One of the key features of PyTorch tensors is their compatibility with GPUs (Graphics Processing Units). This compatibility allows for faster computations compared to using regular Python lists or NumPy arrays, which are generally limited to CPU (Central Processing Unit) operations. This speed is crucial in deep learning where handling large datasets and complex calculations is common.

To illustrate, let's consider a few examples:

1. **Single-Dimensional Tensor (1D Tensor):** This is like a regular list or a one-dimensional array. For instance, `[1, 2, 3]` in a tensor form would represent a simple row of numbers.

2. **Two-Dimensional Tensor (2D Tensor):** This resembles a matrix or a table with rows and columns. For example, `[[1, 2], [3, 4]]` in tensor form is akin to a 2x2 matrix.

3. **Three-Dimensional Tensor (3D Tensor):** You can think of this as a cube of numbers or a list of matrices. An example would be `[[[1, 2], [3, 4]], [[5, 6], [7, 8]]]`, which is like stacking two 2D tensors on top of each other.

By default, the numbers in a PyTorch tensor are stored as `float32` type. This means that they are floating-point numbers (numbers with a decimal point) with a precision that balances memory usage and accuracy, making it a common choice for deep learning applications.

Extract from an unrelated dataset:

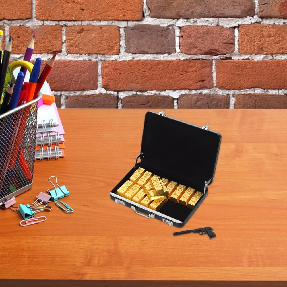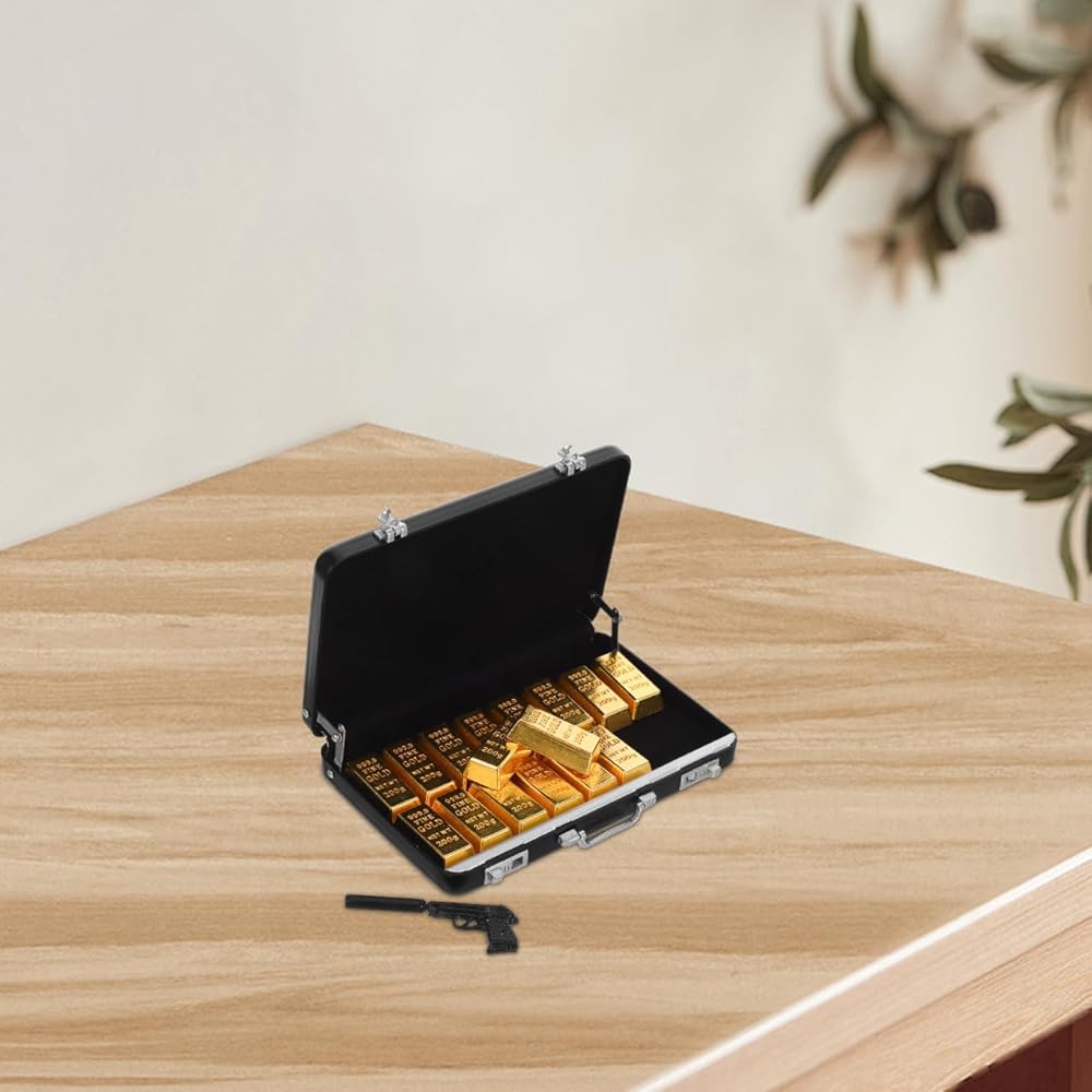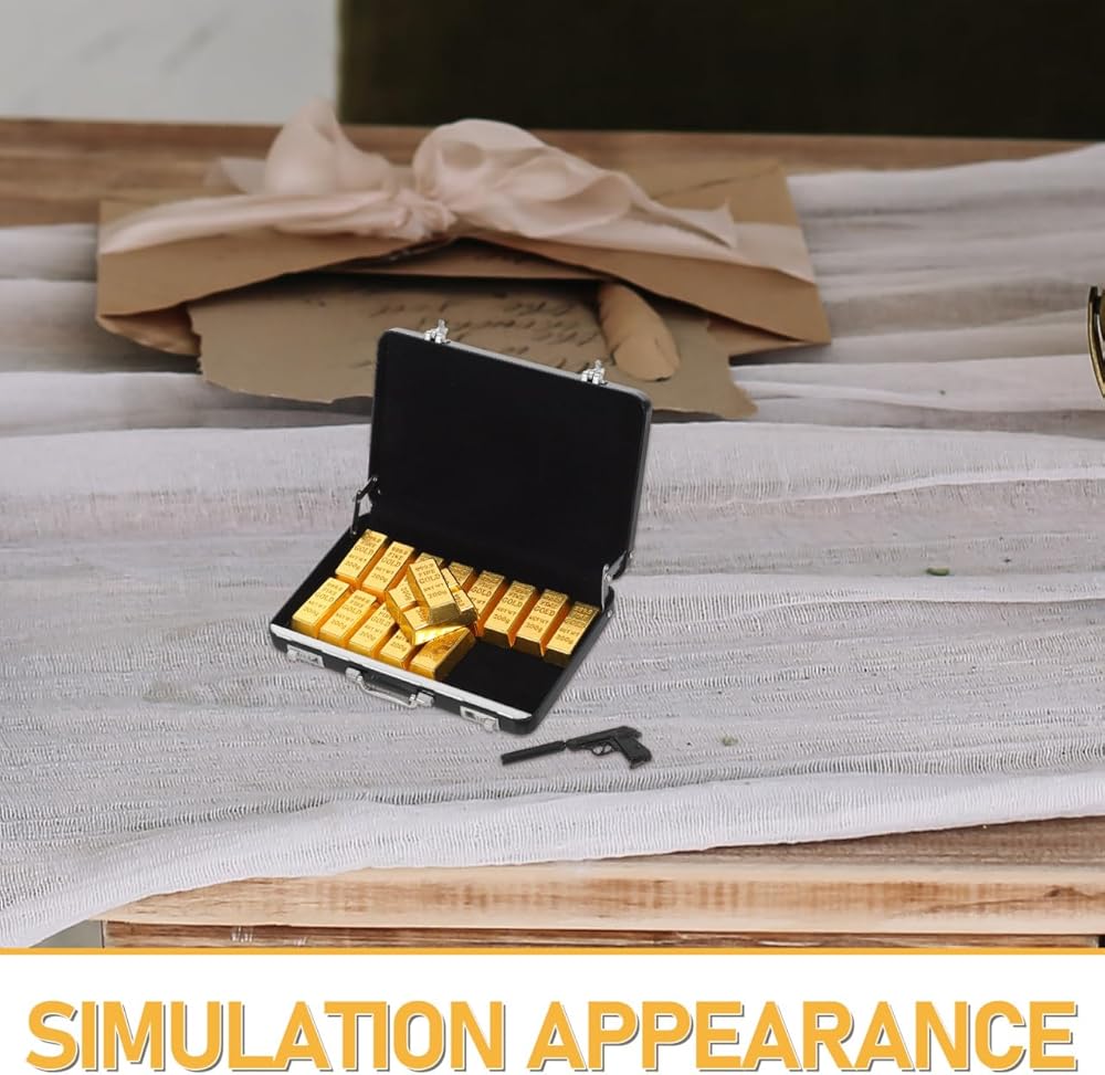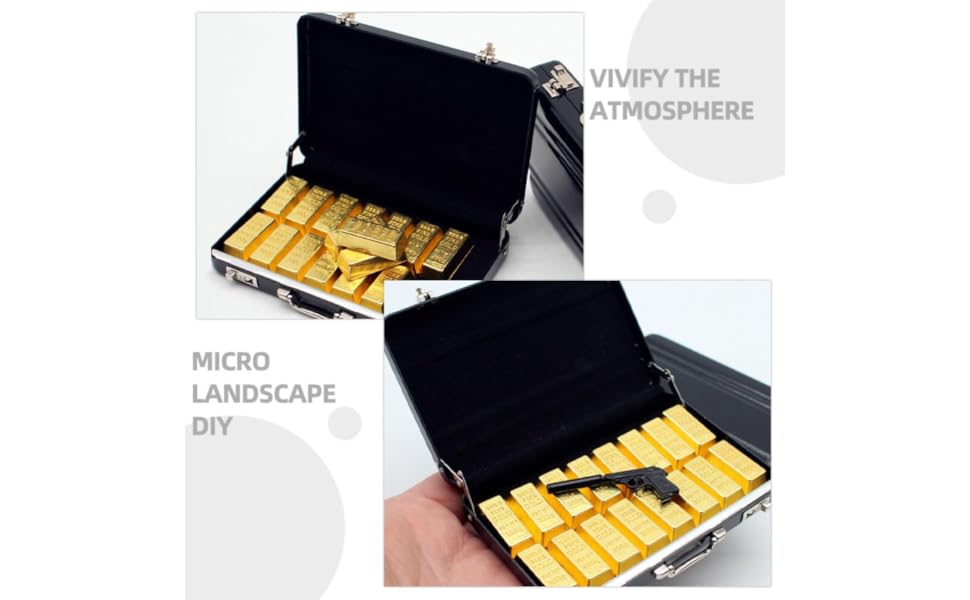 تصميم واقعي لحقيبة صغيرة: يتميز نموذج الحقيبة المصغرة هذا ببنية من سبائك الألومنيوم النابضة بالحياة مع قضبان ذهبية مزيفة مفصلة، مثالية لتعزيز إكسسوارات بيت الدمى وإنشاء مشاهد طبيعية صغيرة أصلية

In summary, tensors in PyTorch are powerful and flexible structures for storing and manipulating numerical data, optimized for performance in large-scale computations typically found in deep learning tasks.

### Lists & Numpy Array

In [8]:
my_list = [[1, 2, 3, 5, 8], [13, 21, 34, 55, 89]]
my_list

[[1, 2, 3, 5, 8], [13, 21, 34, 55, 89]]

In [9]:
# Convert the list to a NumPy array
my_array = np.array(my_list)
my_array

array([[ 1,  2,  3,  5,  8],
       [13, 21, 34, 55, 89]])

In [11]:
my_array.dtype

dtype('int64')

NumPy introduced a new object-oriented approach to generating random numbers in version 1.17. This approach uses the `numpy.random.Generator` class, which provides a wide variety of methods for random number generation. This new paradigm is recommended over the older `numpy.random` functions for several reasons, including improved reproducibility, flexibility, and maintainability of the random number generation process.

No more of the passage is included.